This exercise asks for an exact copy of every entry below, with pictures omitted.

Stored dataset items:
━━━
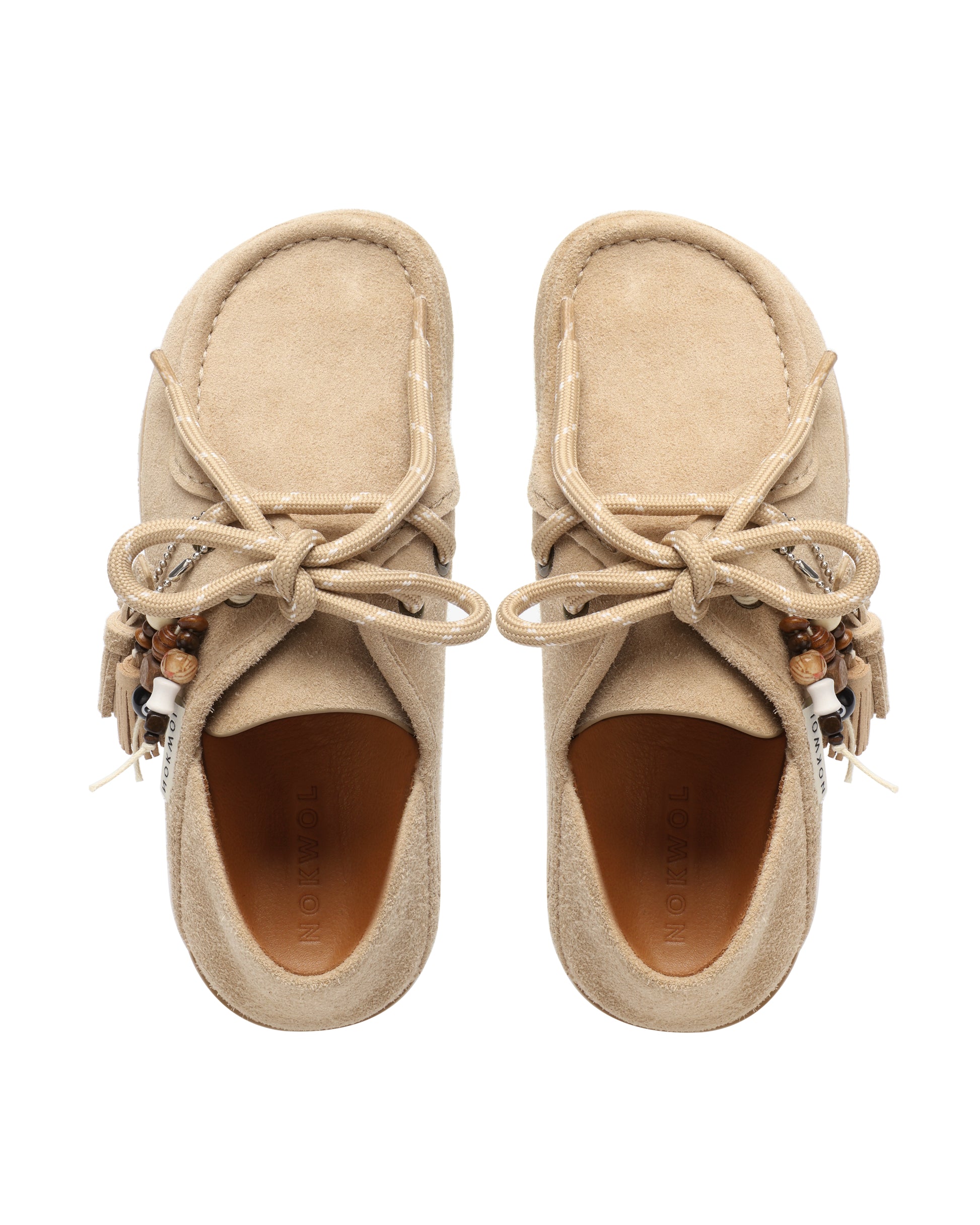 CLOVA is your go-to for cool-weather ease with a refined, rustic edge. Crafted from premium textured suede, this moccasin-inspired silhouette features bold stitching, decorative tassels, and a classic lace-up front for a heritage feel with a modern twist. A soft leather lining at the collar enhances comfort, while the lightweight rubber outsole delivers traction and flexibility for everyday wear. Finished with signature Nokwol branding and tactile detailing, CLOVA brings elevated character to relaxed layering-perfect for laid-back days.
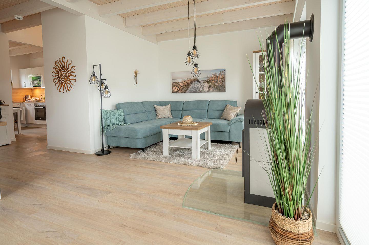 Der offenen Wohn- und Essbereich mit angrenzender, vollausgestatteter Küche bietet einen Zugang zur möblierten Terrasse mit Grill. Eines der beiden Schlafzimmer verfügt über ein Doppelbett, das andere über zwei Einzelbetten. Auf der Schlafcouch im Wohnzimmer finden zusätzlich zwei Personen Platz. Das Duschbad im EG verfügt über eine Infrarot-Sauna. Im OG steht Ihnen ein Wannenbad zur Verfügung. Ein Parkplatz und ein abschließbarer Fahrradschuppen gehören zum Haus.
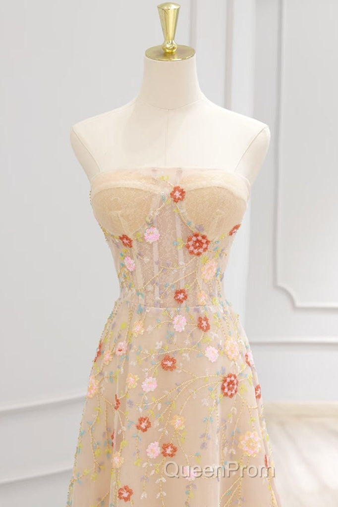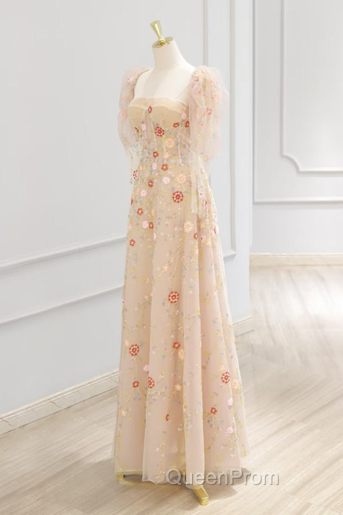 A-Line Tulle Lace Sequin Champagne Long Evening Prom Dresses, Champagne Long Formal Dresses
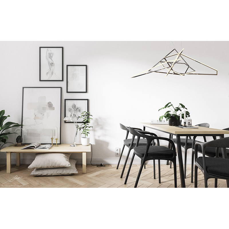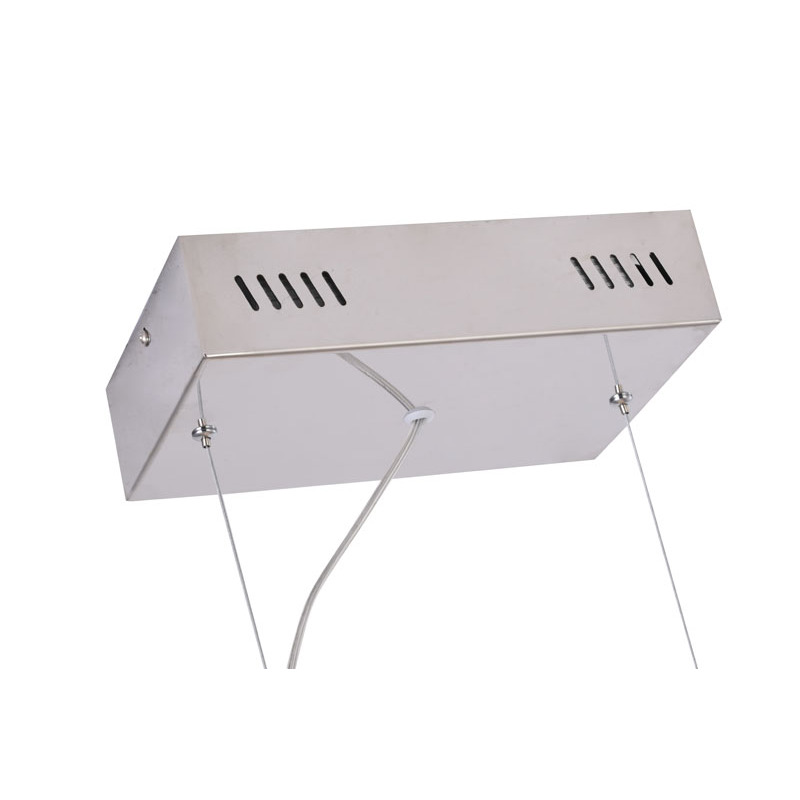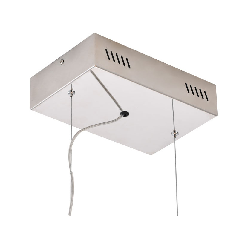 A CHROME STAINLESS STEEL LED CHANDELIER WITH WHITE ACRYLIC DIFFUSERS
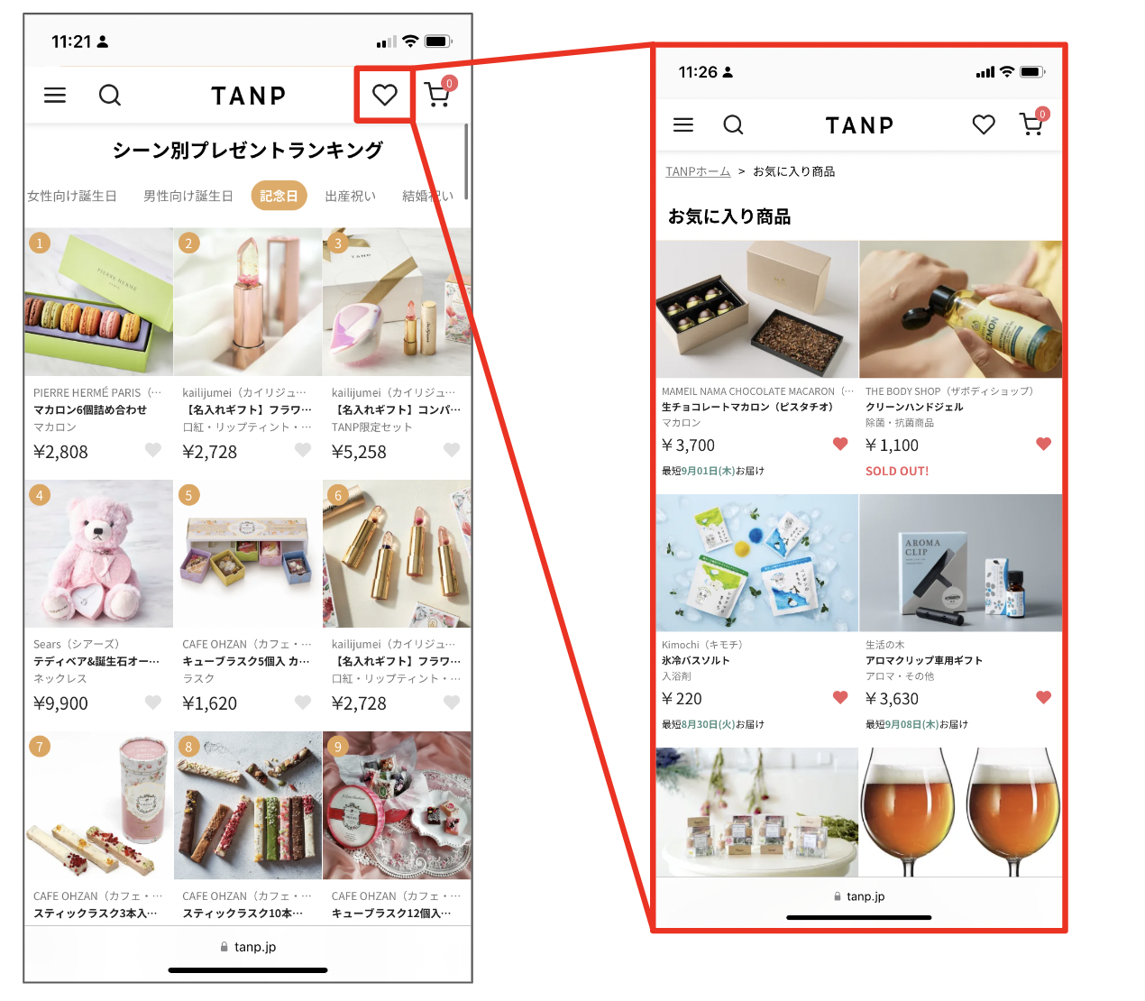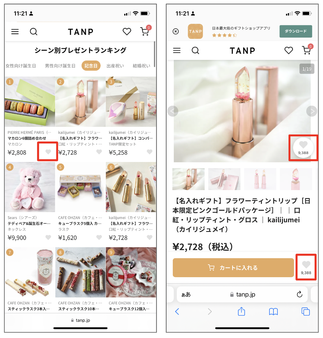 商品検索ページ、商品ページなどにある「ハートのお気に入りボタン」を押して、気になる商品をお気に入り登録してください。 5つ以上のお気に入りをお忘れなく!
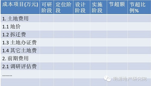 可行性研究阶段:完成土地吸纳后重新测算利润及成本,为项目成本控制目标值;
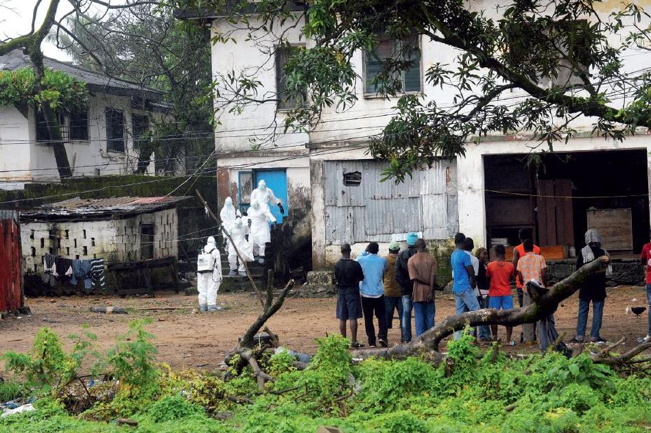 A Liberian Ministry of Health worker in Monrovia sprays the soles of a colleague’s shoes at an Ebola Isolation Clinic as they leave with blood specimens for testing. Photo: Staton Winter | UNMIL | 11 Jul 14 On 16 August 2014…
━━━
RESPONSE AREA
 CLOVA is your go-to for cool-weather ease with a refined, rustic edge. Crafted from premium textured suede, this moccasin-inspired silhouette features bold stitching, decorative tassels, and a classic lace-up front for a heritage feel with a modern twist. A soft leather lining at the collar enhances comfort, while the lightweight rubber outsole delivers traction and flexibility for everyday wear. Finished with signature Nokwol branding and tactile detailing, CLOVA brings elevated character to relaxed layering-perfect for laid-back days.
 Der offenen Wohn- und Essbereich mit angrenzender, vollausgestatteter Küche bietet einen Zugang zur möblierten Terrasse mit Grill. Eines der beiden Schlafzimmer verfügt über ein Doppelbett, das andere über zwei Einzelbetten. Auf der Schlafcouch im Wohnzimmer finden zusätzlich zwei Personen Platz. Das Duschbad im EG verfügt über eine Infrarot-Sauna. Im OG steht Ihnen ein Wannenbad zur Verfügung. Ein Parkplatz und ein abschließbarer Fahrradschuppen gehören zum Haus.
 A-Line Tulle Lace Sequin Champagne Long Evening Prom Dresses, Champagne Long Formal Dresses
 A CHROME STAINLESS STEEL LED CHANDELIER WITH WHITE ACRYLIC DIFFUSERS
 商品検索ページ、商品ページなどにある「ハートのお気に入りボタン」を押して、気になる商品をお気に入り登録してください。 5つ以上のお気に入りをお忘れなく!
 可行性研究阶段:完成土地吸纳后重新测算利润及成本,为项目成本控制目标值;
 A Liberian Ministry of Health worker in Monrovia sprays the soles of a colleague’s shoes at an Ebola Isolation Clinic as they leave with blood specimens for testing. Photo: Staton Winter | UNMIL | 11 Jul 14 On 16 August 2014…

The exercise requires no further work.